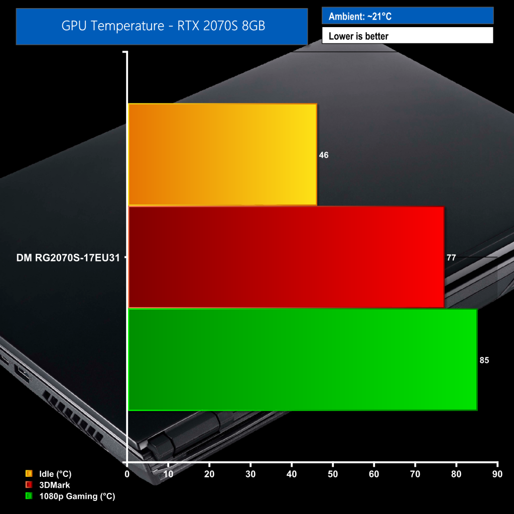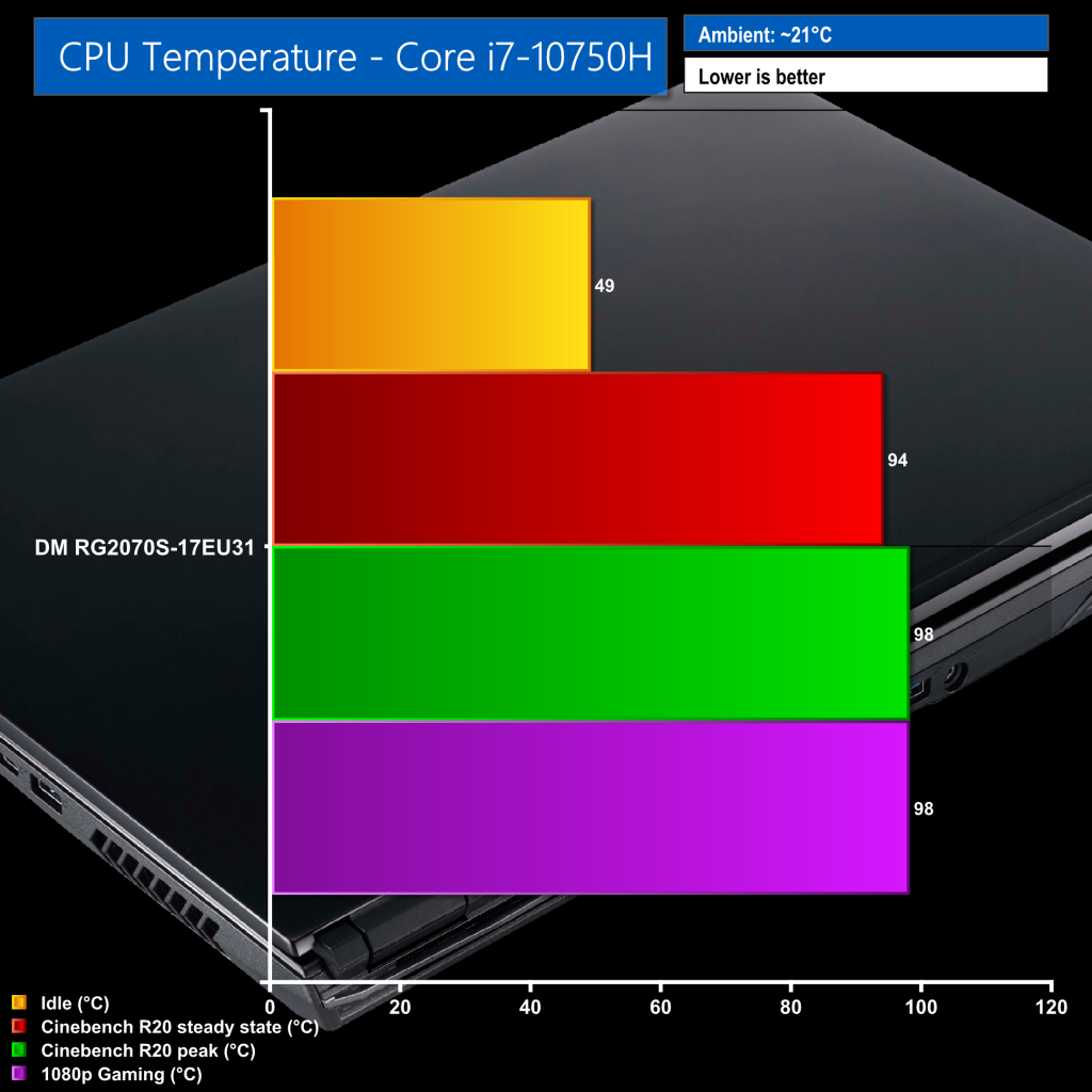 CPU temps were good when idle but under load it almost hit 100 degrees C, at 98, that’s pretty hot. Gaming laptops are known for their heat and the maximum operating temp for the i7 10750H is 105 degrees C so it shouldn’t be a big problem over time. The issue this kind of heat does create is degrading performance results.
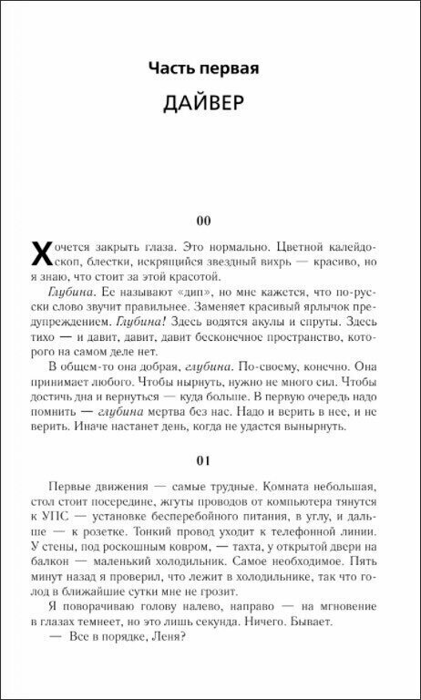 Ест книги, которые предсказывают будущее. Это одна из них. Описание аськи. дайверы, Глубина, Диптаун, возможность прожить еще одну жизнь там, где ты – кто угодно, любое обличье, любая судьба. Самый притягательный наркотик, дающий призрачную свободу.
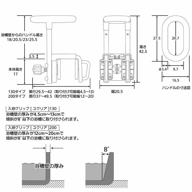 ●取付可能浴槽幅/4.5~13cm
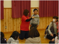 お次は、「猛獣狩りに行こうよ」というゲームです。お姉さんが言う動物の文字数に合わせて、グループを作ります。
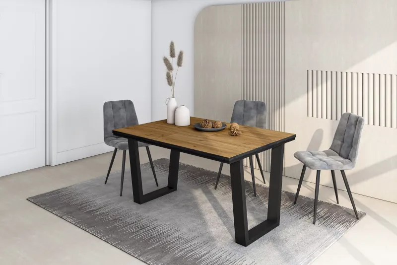 Table à manger fabriquée avec un plateau en mélamine de haute qualité de 30 mm. Couleur chêne et noir avec un grain de bois poreux de haute qualité. Idéale pour les réunions de famille, elle est également parfaite pour les fêtes et les événements. Cette table multifonctionnelle peut également être utilisée comme table de travail, bureau ou table d'appoint dans votre salon, grâce à sa taille. Avec des pieds en métal en forme de U, qui garantissent une table robuste et stable. Couleur noire. 80x40 mm. Avec un design élégant de style industriel, la combinaison du métal et du bois apporte une touche rustique et naturelle à votre intérieur. Pour 6 personnes 140x90x74 cm
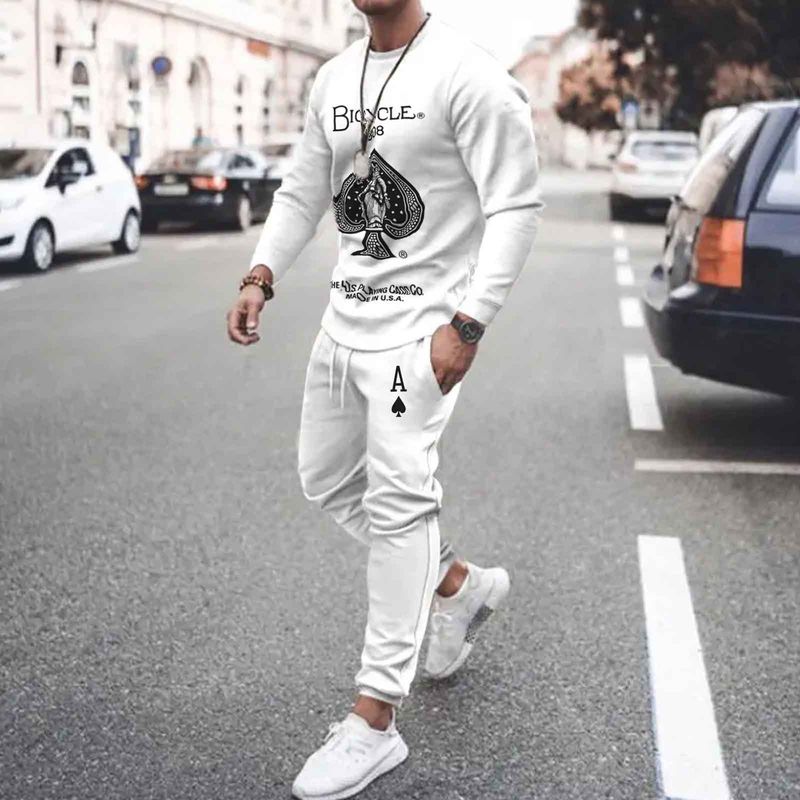 2023 New Poker Pattern 3D Printed Set Men's Casual Pullover Long Sleeve Top Sweatpants Set
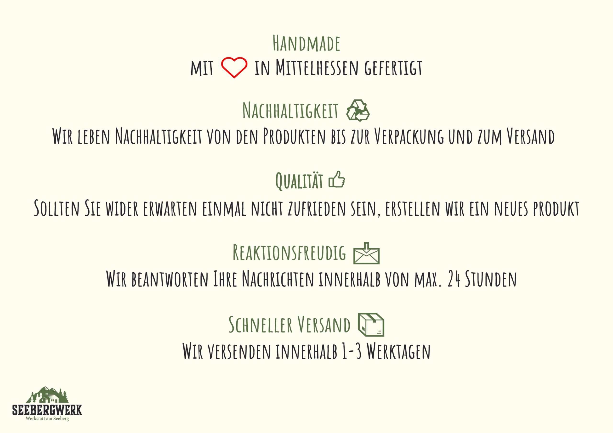 🌲 Einzigartige Unikate: Jedes Produkt wird auf Bestellung gefertigt. Kleine Unterschiede in der Holzmaserung machen jedes Stück zu etwas Besonderem.
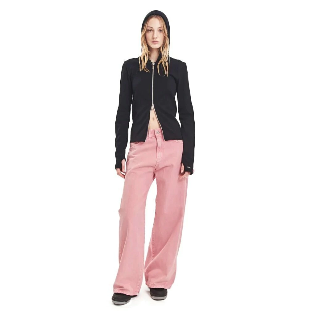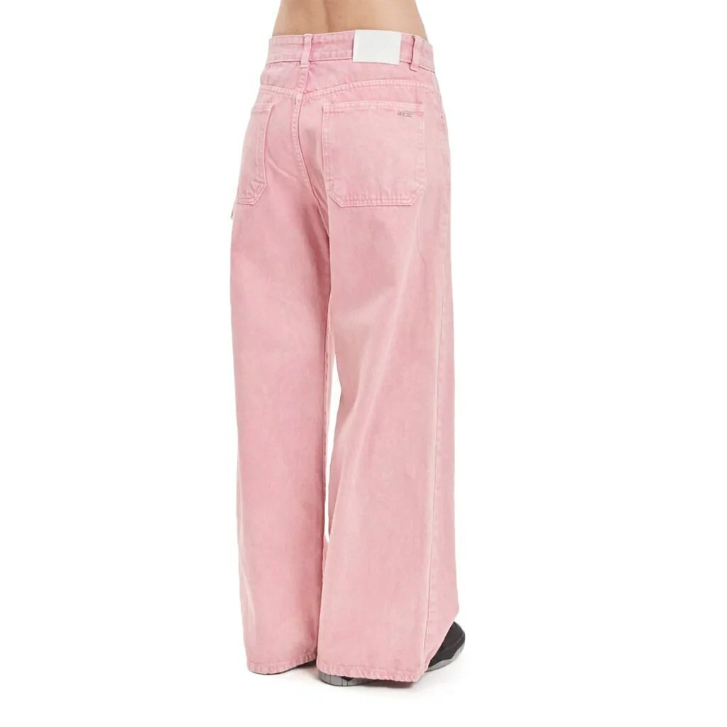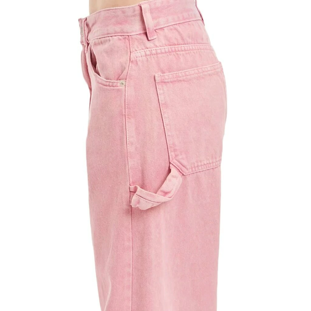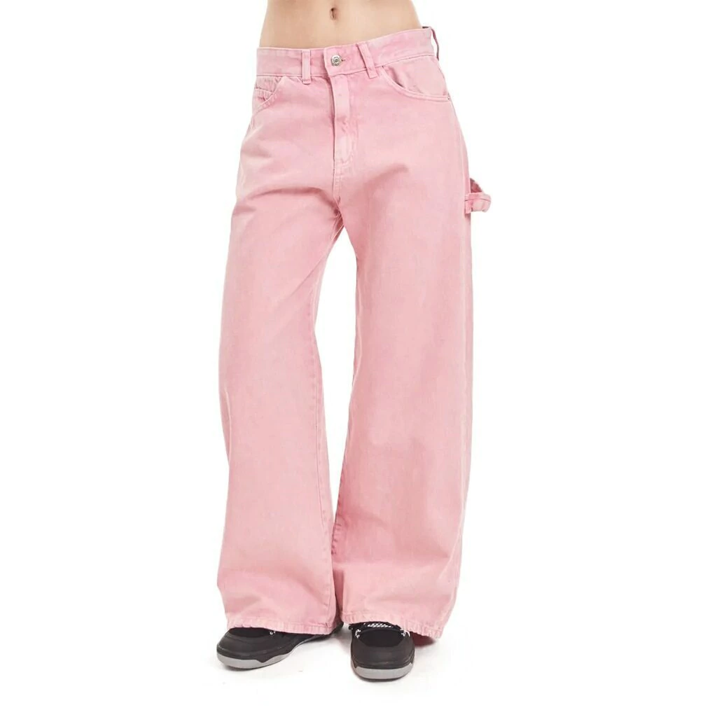 Jean 5 bolsillos en color rosa, calce relax con piernas extra amplias. Tira carpintera lateral.

TASK GOAL ▸ Please return the material above only from the line that holds "2023 New Poker" through the line that holds "zu etwas Besonderem.", exactly as it stands, ends included and pictures omitted.

COMPLETED EXERCISE ▸
 2023 New Poker Pattern 3D Printed Set Men's Casual Pullover Long Sleeve Top Sweatpants Set
 🌲 Einzigartige Unikate: Jedes Produkt wird auf Bestellung gefertigt. Kleine Unterschiede in der Holzmaserung machen jedes Stück zu etwas Besonderem.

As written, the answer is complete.